Autre exemple, des biscuits aux noisettes goûtés et achetés sur un autre stand se sont révélés sentir le moisi le lendemain même du salon ! Et ils étaient sans produits laitiers ! Que ça ne dure pas aussi longtemps que les biscuits du commerce (bien moins chers), passe encore, si c’est sans conservateur… Mais quand je pense que les sablés faits maison (moins chers aussi) durent des semaines, j’ai l’impression qu’on se paie un peu ma fiole !

Sinon, que je sache, je ne suis pas plus malade en mangeant du bio qu’en mangeant du non bio : J’ai mangé du saucisson bio et de la pâte à tartiner bio ces derniers jours, achetés sur des stands différents du même salon, c’est toujours aussi bon, et je ne suis plus malade. Je ne pense pas non plus que des études scientifiques rigoureuses aient été réalisées sur la santé des enfants élevés au bio, par rapport aux autres.

Je serais même tenté de dire que, au vu des germes, maladies, pollutions diverses et avanies à géométries variables que nous absorbons tous au jour le jour (et dont les tenants paranoïaques de l’écologie « ultra » font un fromage, bio forcément), avoir une alimentation bio ou simplement une alimentation saine, normale et équilibrée non bio, ça ne compte pas vraiment. Ou si peu.

Moins en tout cas que la pollution intellectuelle que j’ai constaté tout au long de ce fichu salon.

Que puis-je conclure, maintenant que j’ai terminé cette espèce de revue de détail du Salon Vivre Autrement ? Premièrement, que si on se fie à certains vendeurs de chimères et d’algues séchées, le bio permet de vivre plus longtemps, autrement ou pas… Promesse en l’air : Si je me fie à ma propre expérience, c’est de Mourir Autrement qu’il s’agit, empoisonné par des produits plutôt douteux !

En effet, de toute le salon, dans tous les produits que j’ai goûté, essayé et testés, je n’en ai trouvé qu’un ou deux qui soient potables et ne m’aient pas rendu malade. Et encore tout cela est-il bien trop cher pour que la majorité des français puissent en faire un achat régulier. C’est vrai que ça doit changer les riches de manger bio : soudain, leur table est moins bien remplie et moins reluisante, pour le même budget…

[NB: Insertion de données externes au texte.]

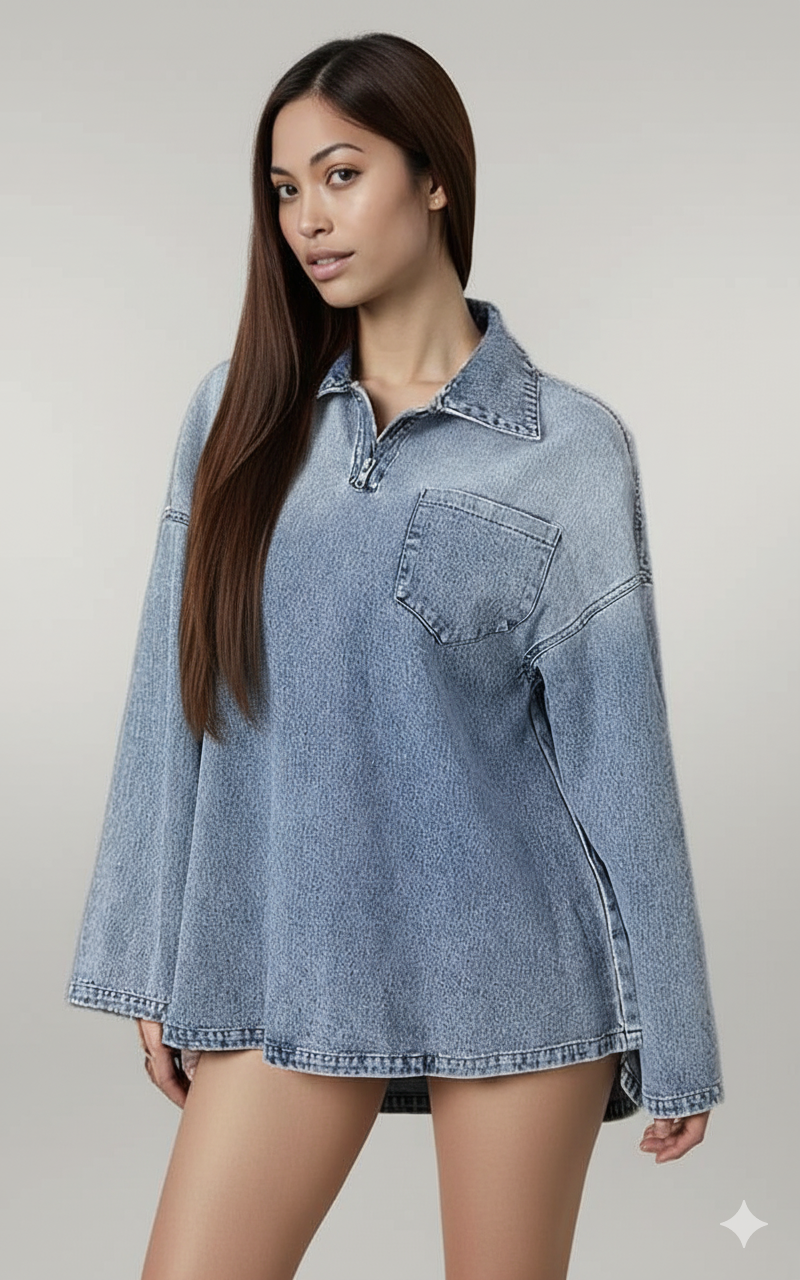 👕 Introducing the Collared Neck Drop Shoulder Denim Top
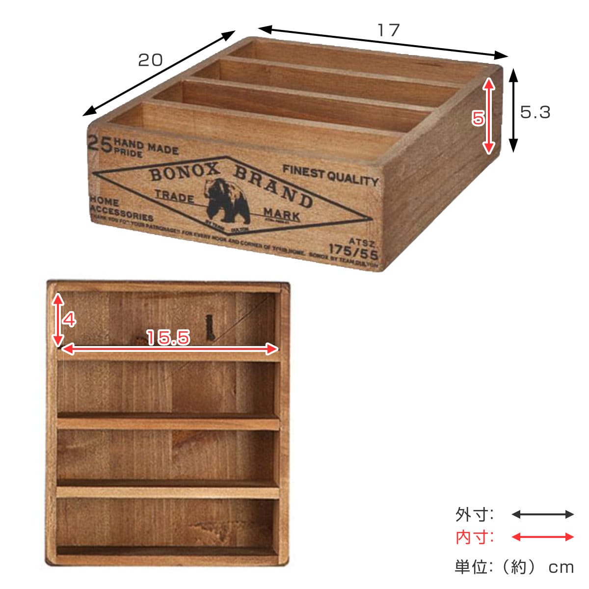 | サイズ | 外寸:約 幅17×奥行20×高さ5.3(cm) 内寸:約 幅15.5×奥行4×高さ5(cm) |

Est-ce que c’est ça, Vivre Autrement ? Vivre pauvrement, sans voiture, dans des draps rêches, sans chauffage et avec pour tout éclairage des ampoules pourries et une lampe à huile, en se laissant pomper le fric par une cohorte de profiteurs New-Age qui exploitent une série de labels et de termes galvaudés, dans l’air du temps ? Vivre en mangeant de la merde malsaine venue des pires heures du moyen-âge, sans garantie que ça sauve la planète ?

Qu’est-ce que vous voulez que je vous dise ? Rien de nouveau sous le soleil !

Je retire hélas un sentiment pour le moins mitigé de cette expérience, qui ne m’a pas fait changer d’avis sur l’écologie ordinaire alors que je suis parti l’esprit ouvert et que j’ai goûté à pas mal de choses… J’y ai trouvé les mêmes arnaques que partout ailleurs, beaucoup de pauvres victimes de la mode et quelques illuminés qui m’ont convaincu que les caricatures que certains font de ce milieu écolo-débile ne sont pas éloignées de la réalité.

Dans la forêt du bio, difficile de ne cueillir que les champignons qui ne sont pas vénéneux.